The little girl is introduced to the audience in a mysterious way, she is hiding her face and her hair helps her to mask it completely. We see one side of her; hear her crying which shocks the audience and Ahmed. Thus creating an enigma; why is she there? Why is she crying? Etc. In addition, the audience can clearly see she is a little girl, using stereotypical girly coloured pyjamas, being pink/purple. The antagonist creates mystery and wonder as to why she is there.

Camerawork, Editing & Special Effects: The extreme close up of the clock foreshadows Ahmed’s time is running out, and the special effect of the time ticking emphasises this, and also lets the audience know that Ahmed’s detention is over.
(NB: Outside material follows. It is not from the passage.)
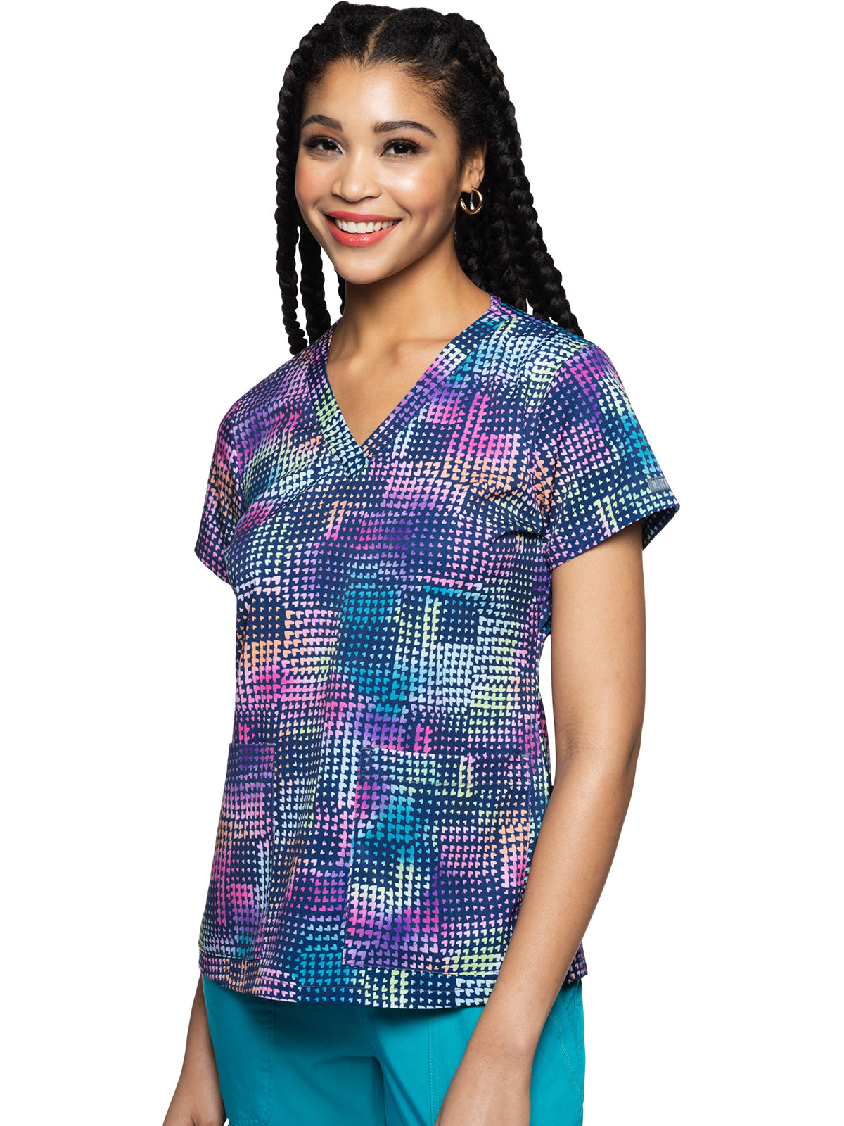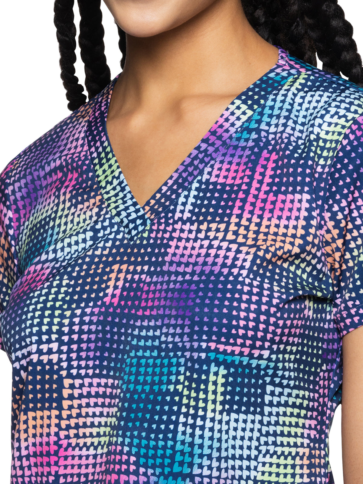 V-neck all-over print top with 2 large patch pockets and a contrast back neck band. Back Length: 26"

This is for the audience to have a clear view of the time at school, showing it is quite late, which could mean trouble for Ahmed. (Foreshadowing is quite significant in horror films, as they create ideas as to what could happen next)

The camerawork here specifically captures what is happening behind Ahmed, as Ahmed watches the little girl in shock and amazement as she cycles past looking directly at him. This shot was great as it captured not only what was behind him, but his facial expression, the use of a medium-close up helped us achieve both these things. (A great way to create mystery, which is another similarity to the horror genre)

This shot was edited at a faster pace after the little girl emerges from behind him, as when she whisks him away, it is very quick and the use of a ‘chop’ sound effect adds to the shock. This camerawork and editing helps to build up to the climax, and scare the viewer as Ahmed is taken away, and the ‘chop’ sound could hint something sinister has happened to him right away.